Here I hit my second challenge – most of the queries used in the demo run in fractions of second and so there is not much opportunity to measure the effect of SCRs. For example the query below runs in 0.3 seconds against 8 billion rows (each date targets around 80 million rows):
[sql]
select
d1.DateLabel, d2.MeasureLabel, sum(f.MeasureValue)
from
Fact f
,Date_Dim d1
,Measure_Dim d2
where
f.DateId = d1.DateId
and d2.MeasureId = f.MeasureId
and d1.DateLabel in (’05-Feb-2015′)
group by
d1.DateLabel
,d2.MeasureLabel
[/sql]
To provide a chance to observe the benefits of SCRs I created a query that aggregated all 8 billion rows against all rows both dimension tables (i.e. removing the predicate “and d1.DateLabel in (…)“. This creates a result set of tens of thousands or rows but that doesn’t skew the result time enough to invalidate the test.

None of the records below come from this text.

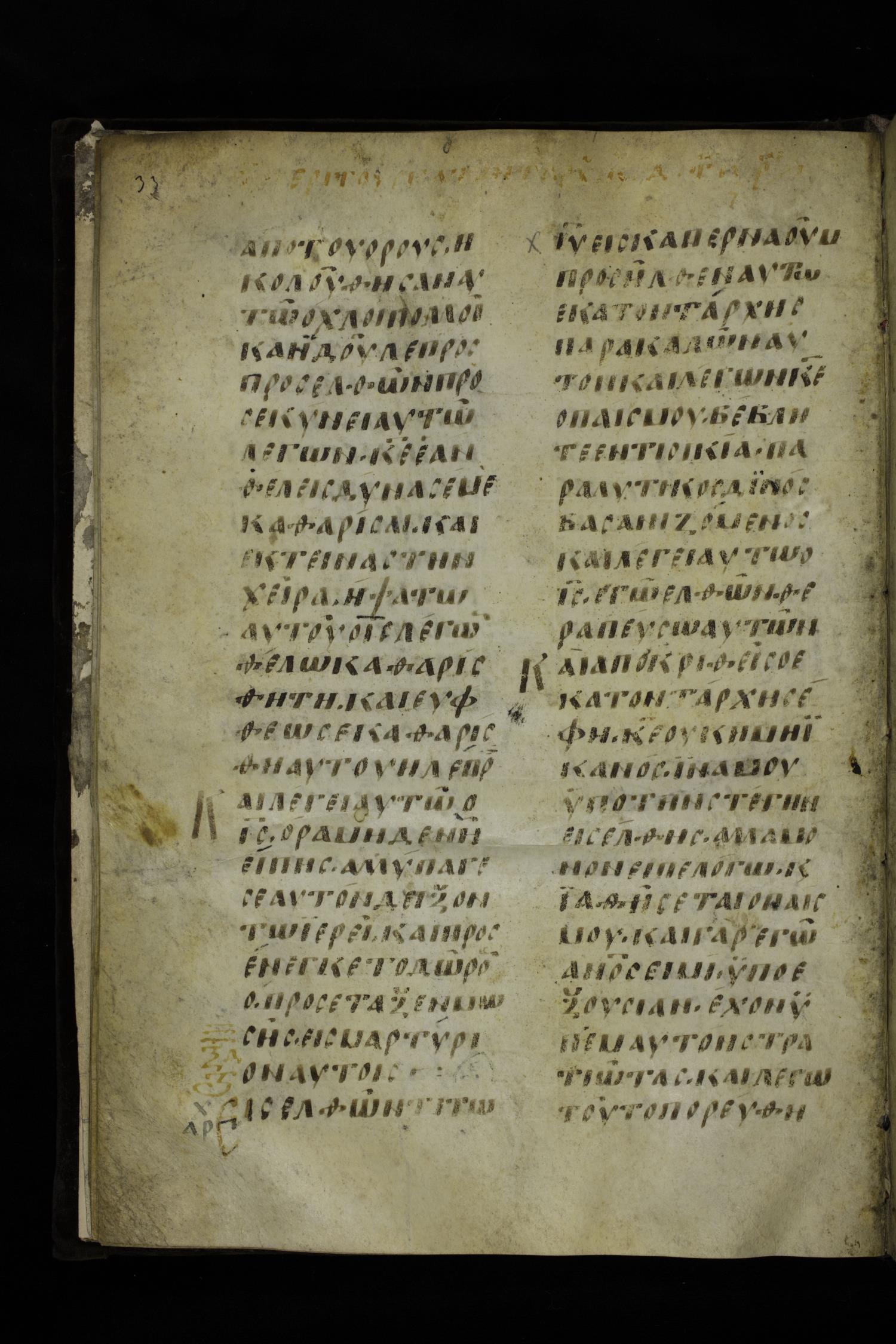 Ninth century majuscule of the Gospels on parchment; 254 leaves, 2 columns, 24-31 lines per column.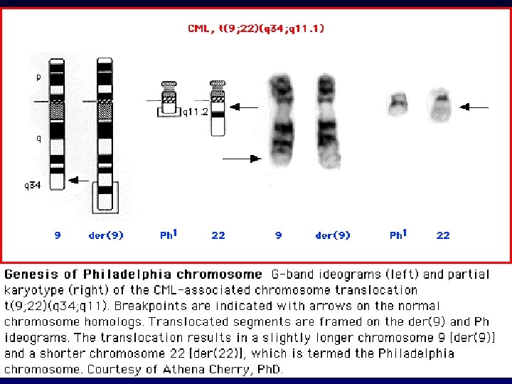 Philadelphia chromosome • Chromosome 22 often referred as Ph (95% of pts with CML) • Reciprocal translocation t(9; 22) – piece of chromosome 9 (c-abl) translocate to chromosome 22 (bcr) [BCR-ABL] and piece of 22 to 9 [ABL-BCR]. • BCR-ABL - constitutively active tyrosin-kinase • target for therapy (STI 571) – prognostic value – therapy response - Minimal Residual Disease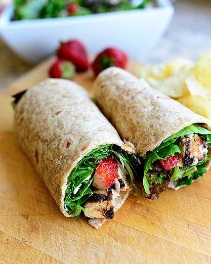 Place an equal amount of salad down the middle of each tortilla. Roll up, then slice in half.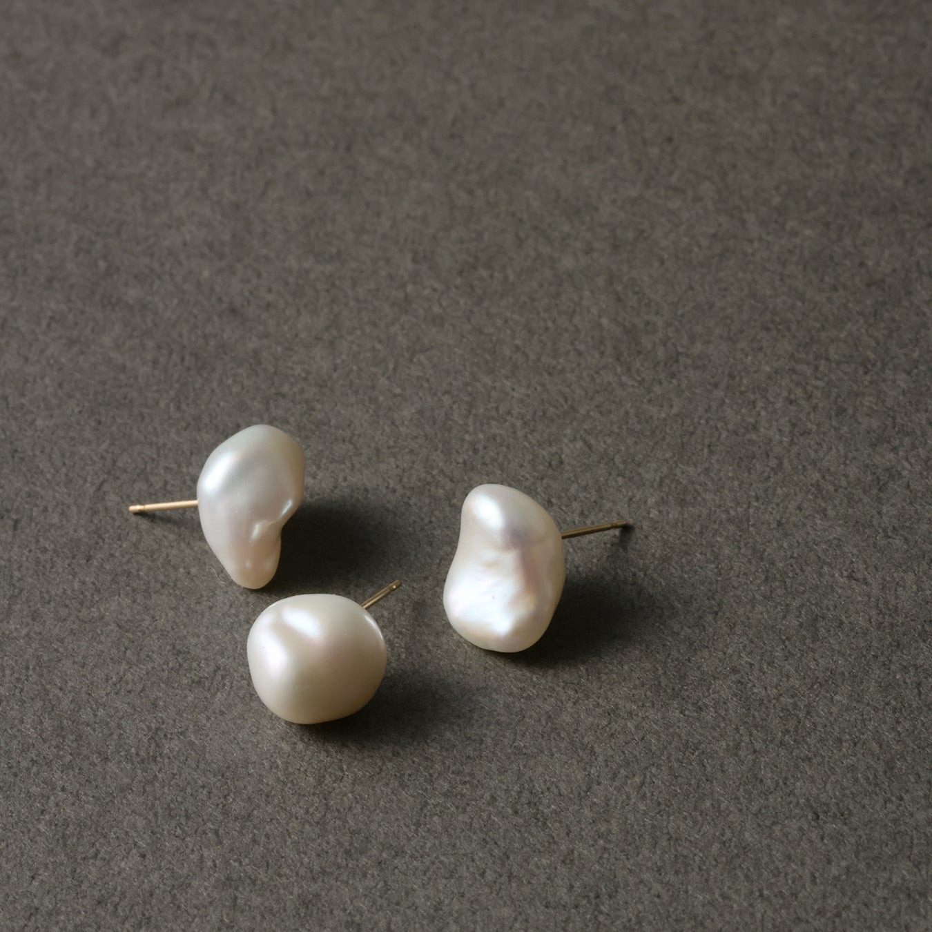 いびつな形のバロックパールを、シンプルなスタッドピアスに仕立てました。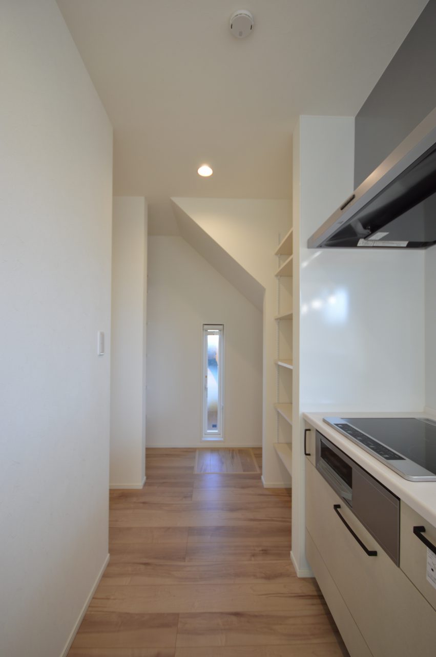 キッチン回りは食品庫に冷蔵庫を隠せる仕様、階段下収納を合わせて構成したので大容量のパントリーに。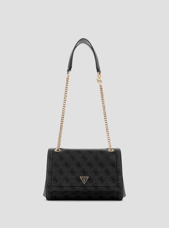 Make a timeless statement with the Black Logo Noelle Convertible Crossbody Flap Bag. Designed in an all-over black 4G logo print, this structured piece features a flap-front silhouette accented with gold-tone hardware and the signature GUESS triangle logo. The dual chain-and-faux-leather straps add a polished edge and can be worn crossbody or over the shoulder for versatile styling. Perfectly sized to hold your daily essentials, it’s the ideal blend of elegance and functionality.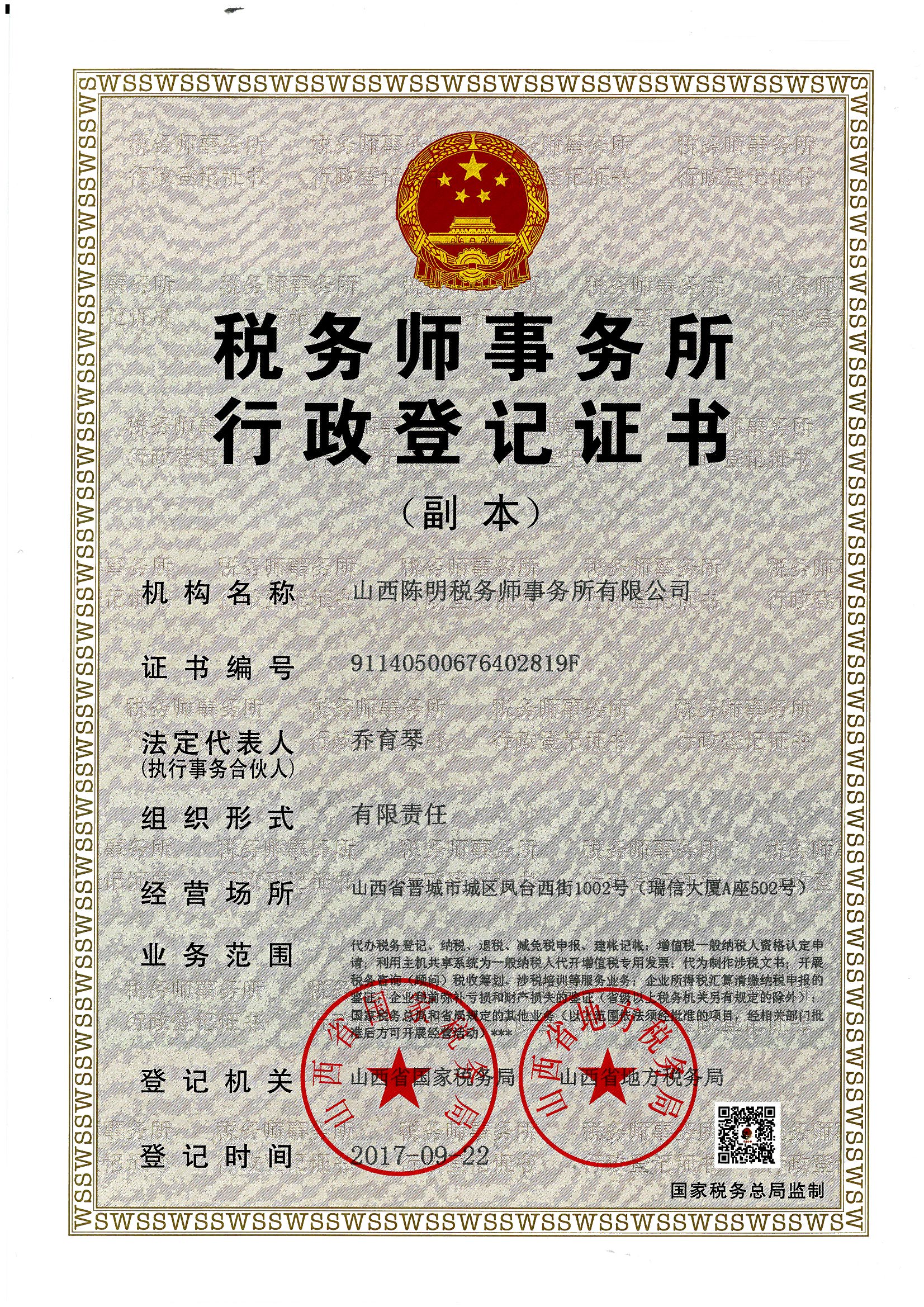 祝賀山西陳明會計師事務(wù)所有限公司獲山

To make sure that all data was being read from the DataNode, Actian VectorH was restarted before the query was run. The Linux file system cache was left as is so as not to disrupt anything that the DataNode might be doing internally with file handles etc.

Armed with this new query I ran my first tests comparing the difference with and without SCR’s and got no difference at all – Huh! Exploring this a little I found that VectorH was using the network very efficiently so that the absence of SCRs was not affecting the read times. So I then simulated some network load using scp and sending data between the different nodes while running the queries. Under these conditions SCRs had an overall positive impact of around 10%.

Test SCR No SCR
No network load, first run. 29.8 seconds 29.8 seconds
No network load, second run. 3.9 seconds 3.9 seconds
With busy network, first run. 35.1 seconds 38.3 seconds
With busy network, second run. 4.6 seconds 5.1 seconds

In conclusion, given a good networking setup and software that makes good use of it, SCRs may not provide a performance benefit. However, if the network is reasonably busy, then SCR’s will likely help. The difference measured here was around 10%.